[HOW TO COMPLETE THIS TASK] Please set down only the lines below starting with the line with "La Comunità Agostiniana" and going on through the line with "- 90年代のコレクションか", verbatim and without pictures.

[SOURCE RECORDS]
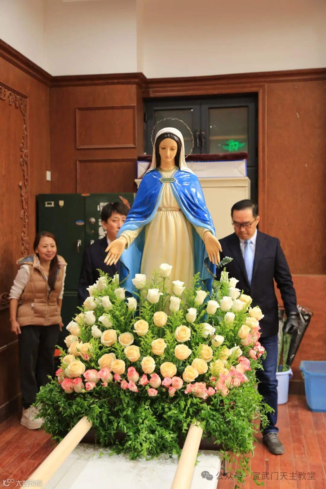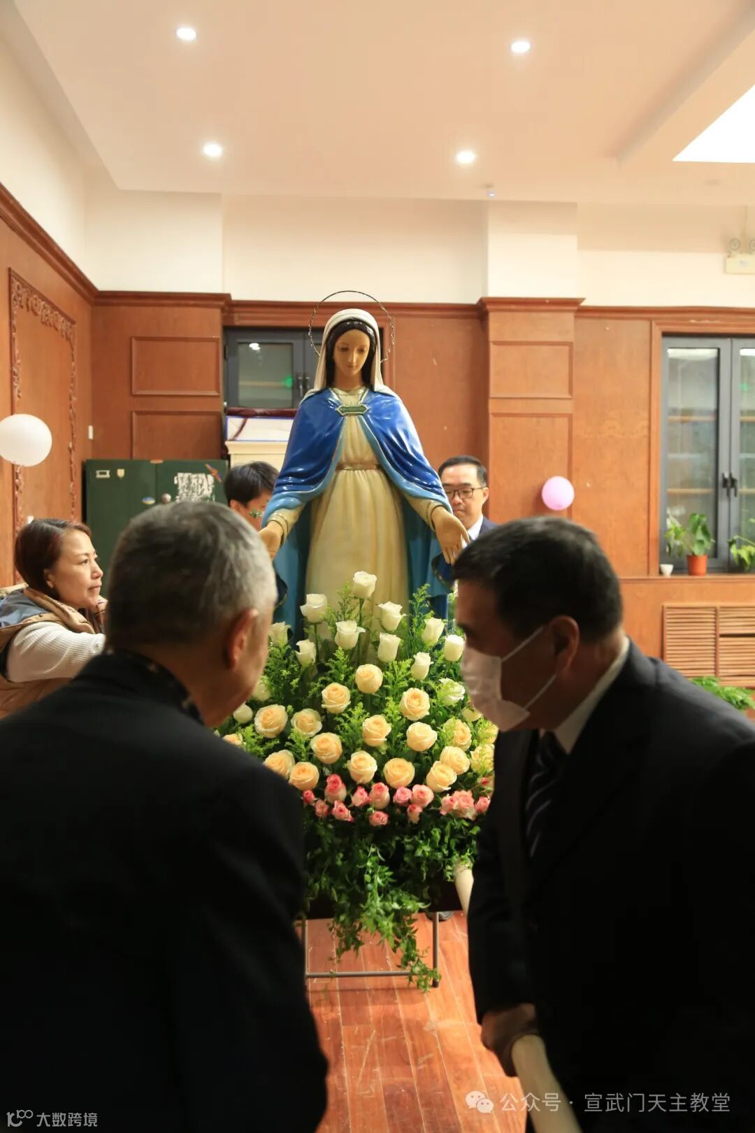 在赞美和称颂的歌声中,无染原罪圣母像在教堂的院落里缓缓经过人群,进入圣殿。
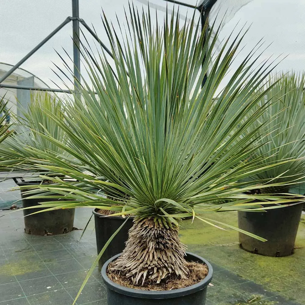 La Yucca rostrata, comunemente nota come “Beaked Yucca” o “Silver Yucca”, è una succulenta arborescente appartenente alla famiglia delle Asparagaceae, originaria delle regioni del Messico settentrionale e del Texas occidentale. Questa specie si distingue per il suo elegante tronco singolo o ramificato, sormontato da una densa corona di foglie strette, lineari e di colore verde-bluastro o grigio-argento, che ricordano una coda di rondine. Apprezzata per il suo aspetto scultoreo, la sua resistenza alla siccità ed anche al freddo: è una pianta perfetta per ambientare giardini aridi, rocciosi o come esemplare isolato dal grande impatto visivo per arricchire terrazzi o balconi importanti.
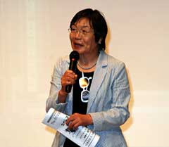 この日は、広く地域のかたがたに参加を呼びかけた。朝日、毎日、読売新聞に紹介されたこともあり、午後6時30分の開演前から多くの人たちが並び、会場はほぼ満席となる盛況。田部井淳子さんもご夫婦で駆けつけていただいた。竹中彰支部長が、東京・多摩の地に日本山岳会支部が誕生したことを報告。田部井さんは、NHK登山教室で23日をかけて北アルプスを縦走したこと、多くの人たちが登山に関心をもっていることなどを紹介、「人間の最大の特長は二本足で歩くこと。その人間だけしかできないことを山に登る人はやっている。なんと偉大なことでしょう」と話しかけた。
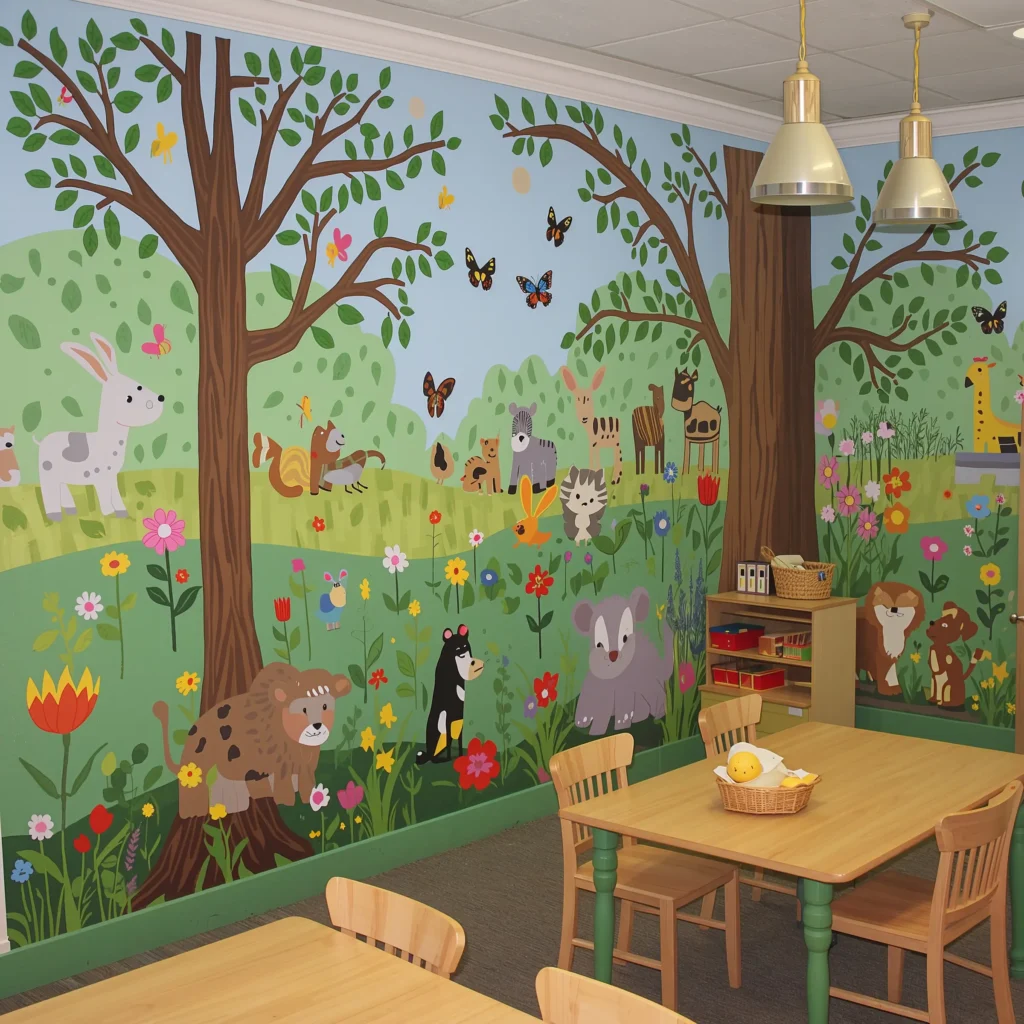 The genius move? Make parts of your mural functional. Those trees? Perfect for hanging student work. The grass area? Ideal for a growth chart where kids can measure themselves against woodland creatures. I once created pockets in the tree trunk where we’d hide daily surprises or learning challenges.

==

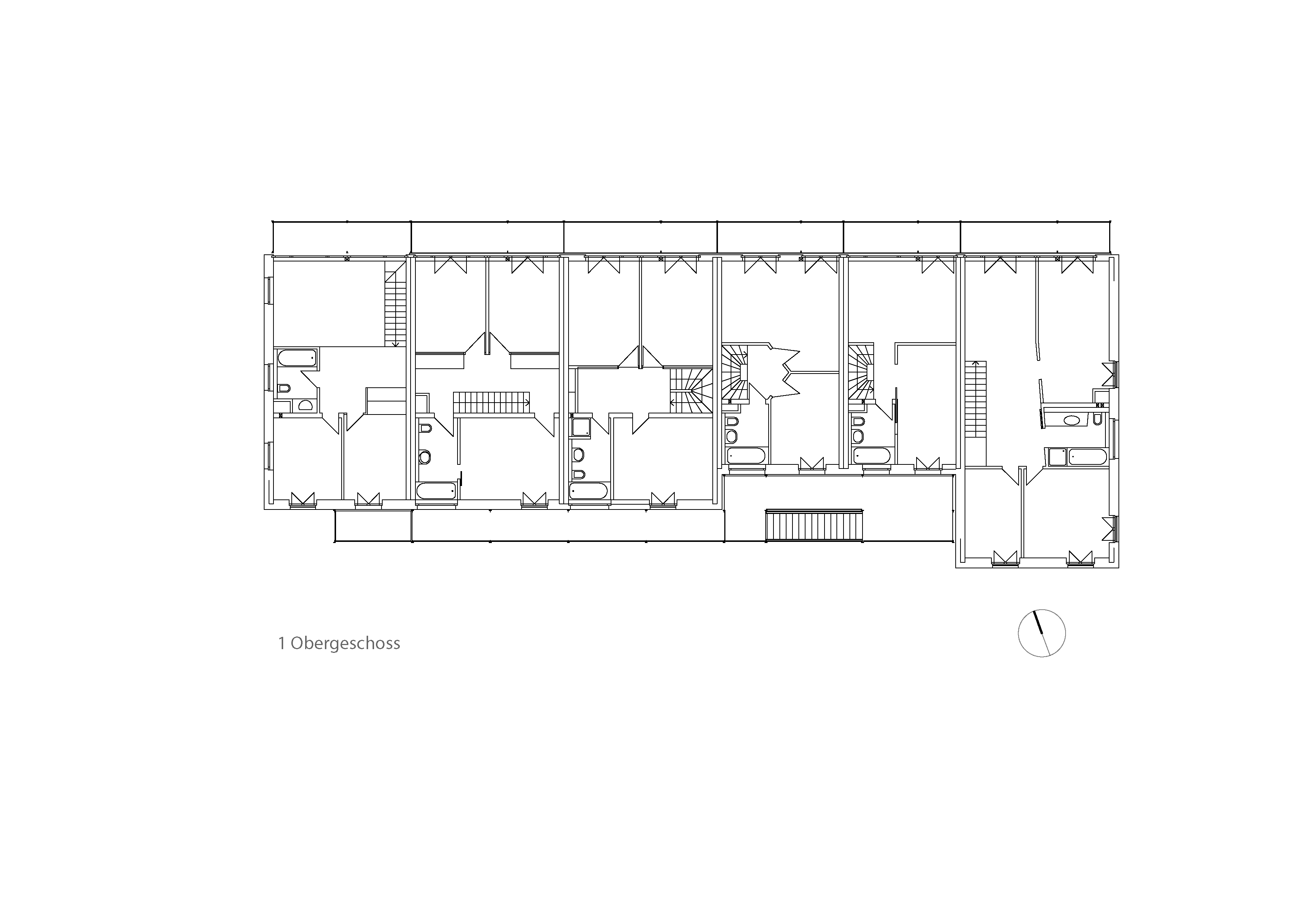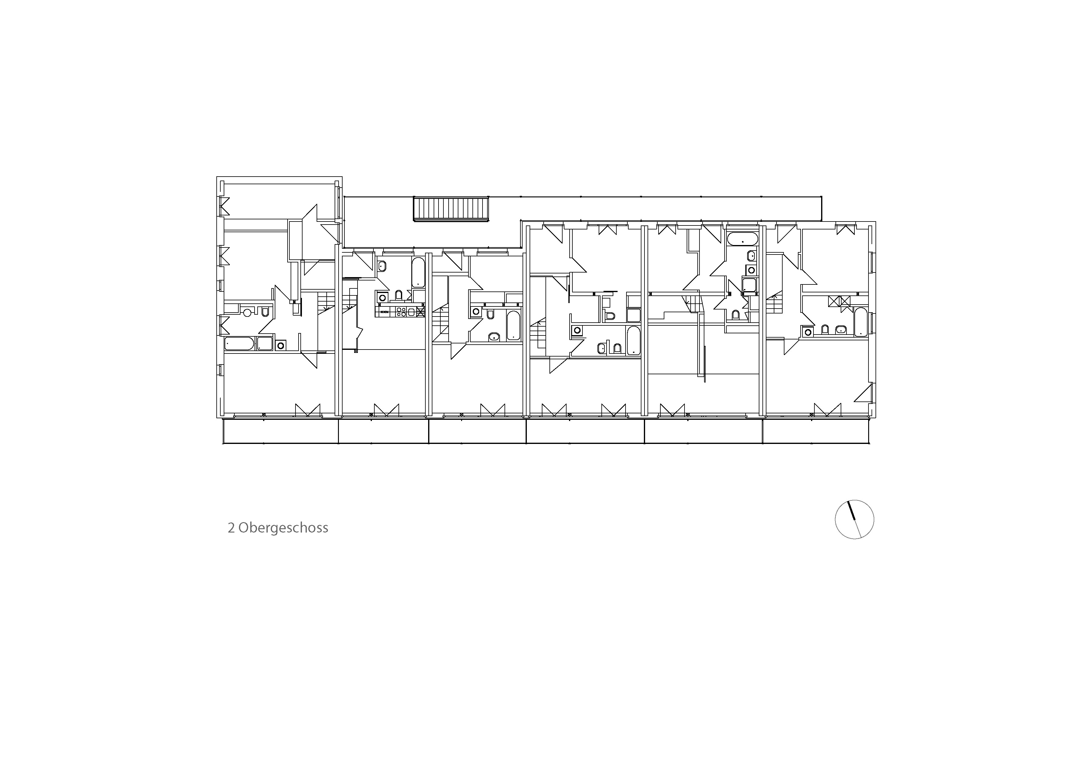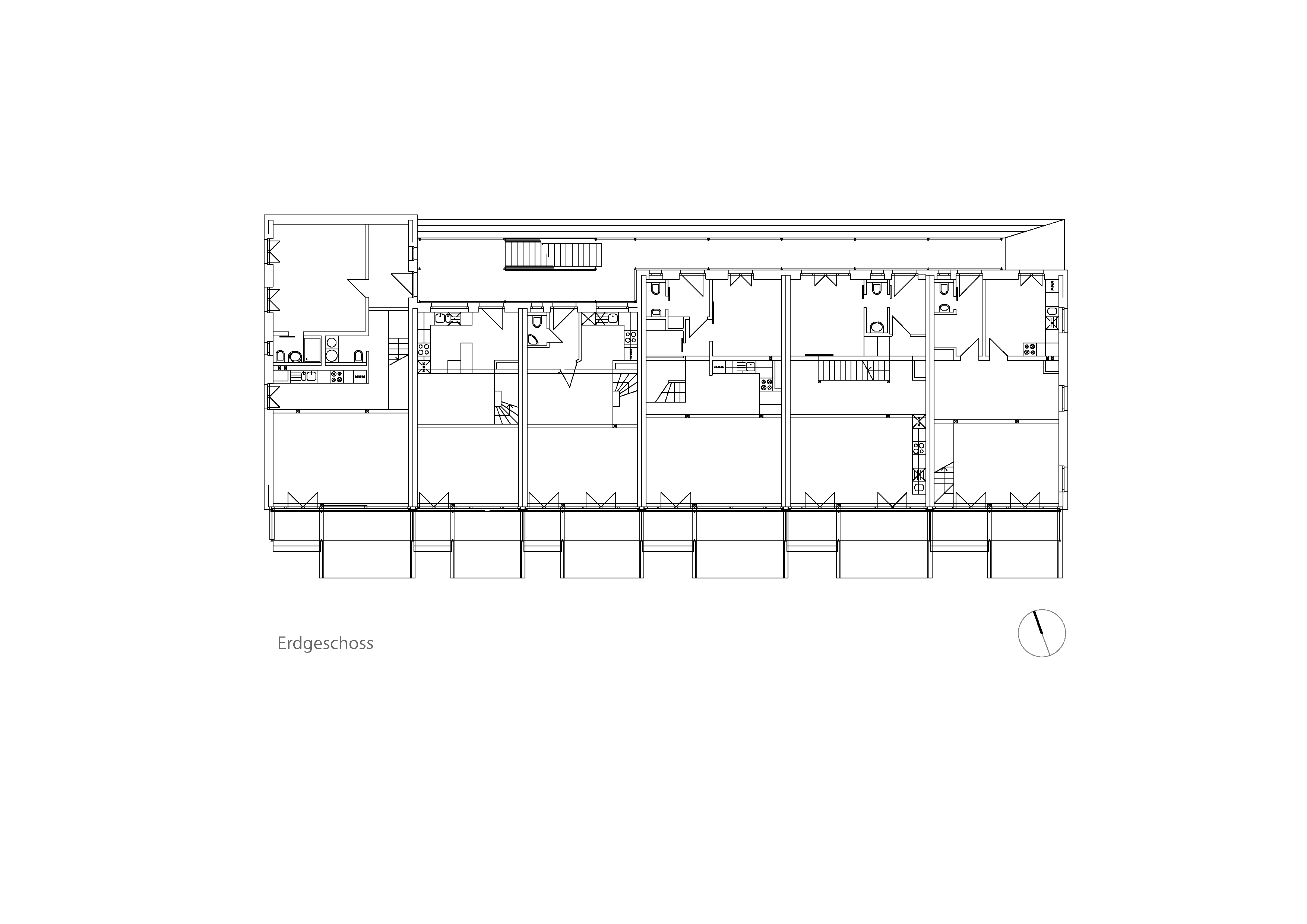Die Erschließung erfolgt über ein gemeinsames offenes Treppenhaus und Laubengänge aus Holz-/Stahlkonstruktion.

...

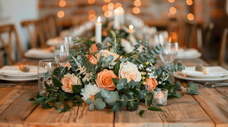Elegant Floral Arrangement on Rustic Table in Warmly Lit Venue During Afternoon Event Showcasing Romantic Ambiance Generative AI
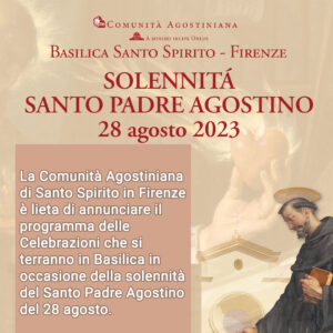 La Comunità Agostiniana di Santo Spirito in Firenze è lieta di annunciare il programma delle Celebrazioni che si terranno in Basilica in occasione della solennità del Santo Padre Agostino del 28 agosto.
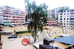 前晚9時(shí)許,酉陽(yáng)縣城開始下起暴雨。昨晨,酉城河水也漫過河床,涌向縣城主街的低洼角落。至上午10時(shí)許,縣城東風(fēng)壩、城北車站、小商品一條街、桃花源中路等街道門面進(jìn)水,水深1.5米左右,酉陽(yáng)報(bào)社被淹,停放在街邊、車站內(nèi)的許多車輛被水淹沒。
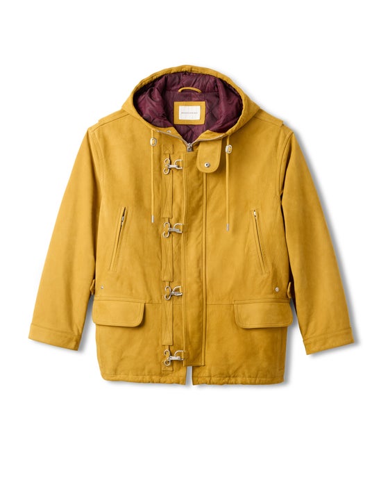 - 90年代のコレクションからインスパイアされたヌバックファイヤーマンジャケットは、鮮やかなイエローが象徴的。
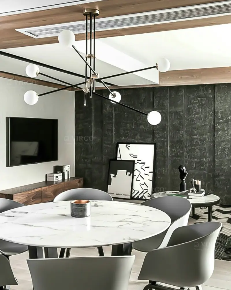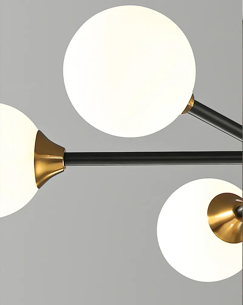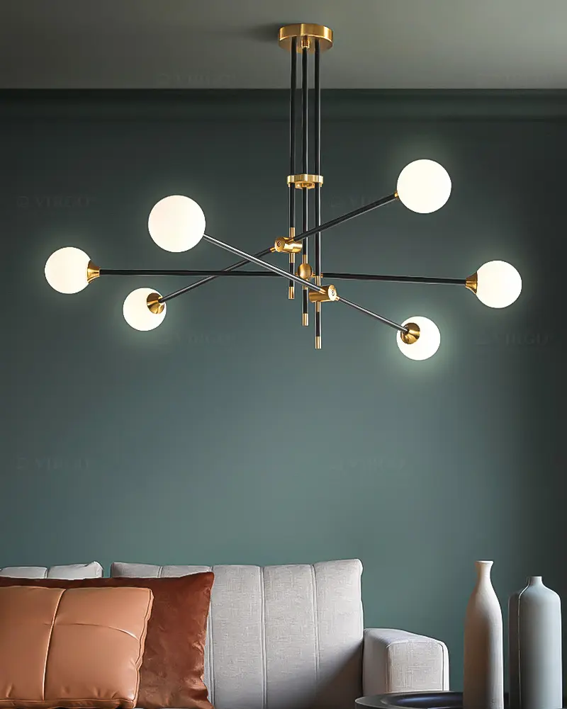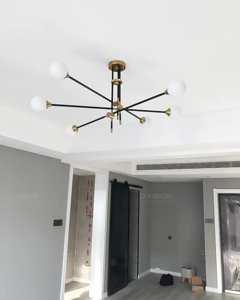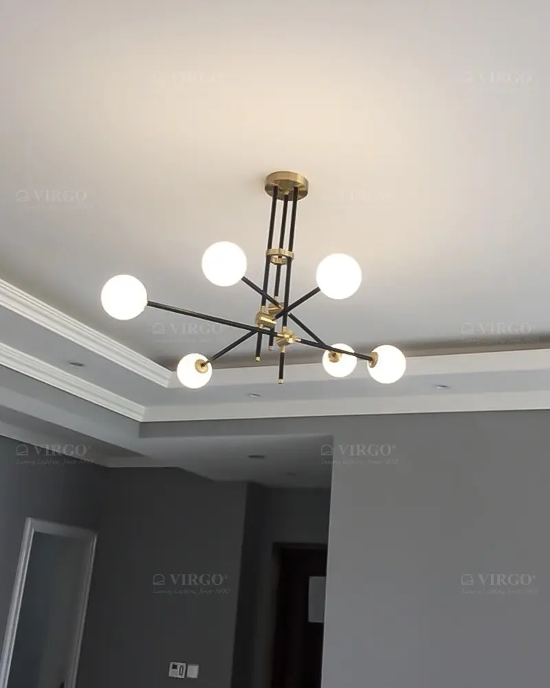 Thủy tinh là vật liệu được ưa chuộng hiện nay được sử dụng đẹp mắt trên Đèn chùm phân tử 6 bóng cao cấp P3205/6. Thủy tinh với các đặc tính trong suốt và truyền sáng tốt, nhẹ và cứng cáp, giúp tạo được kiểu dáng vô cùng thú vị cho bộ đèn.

[WRITTEN SOLUTION]
 La Comunità Agostiniana di Santo Spirito in Firenze è lieta di annunciare il programma delle Celebrazioni che si terranno in Basilica in occasione della solennità del Santo Padre Agostino del 28 agosto.
 前晚9時(shí)許,酉陽(yáng)縣城開始下起暴雨。昨晨,酉城河水也漫過河床,涌向縣城主街的低洼角落。至上午10時(shí)許,縣城東風(fēng)壩、城北車站、小商品一條街、桃花源中路等街道門面進(jìn)水,水深1.5米左右,酉陽(yáng)報(bào)社被淹,停放在街邊、車站內(nèi)的許多車輛被水淹沒。
 - 90年代のコレクションからインスパイアされたヌバックファイヤーマンジャケットは、鮮やかなイエローが象徴的。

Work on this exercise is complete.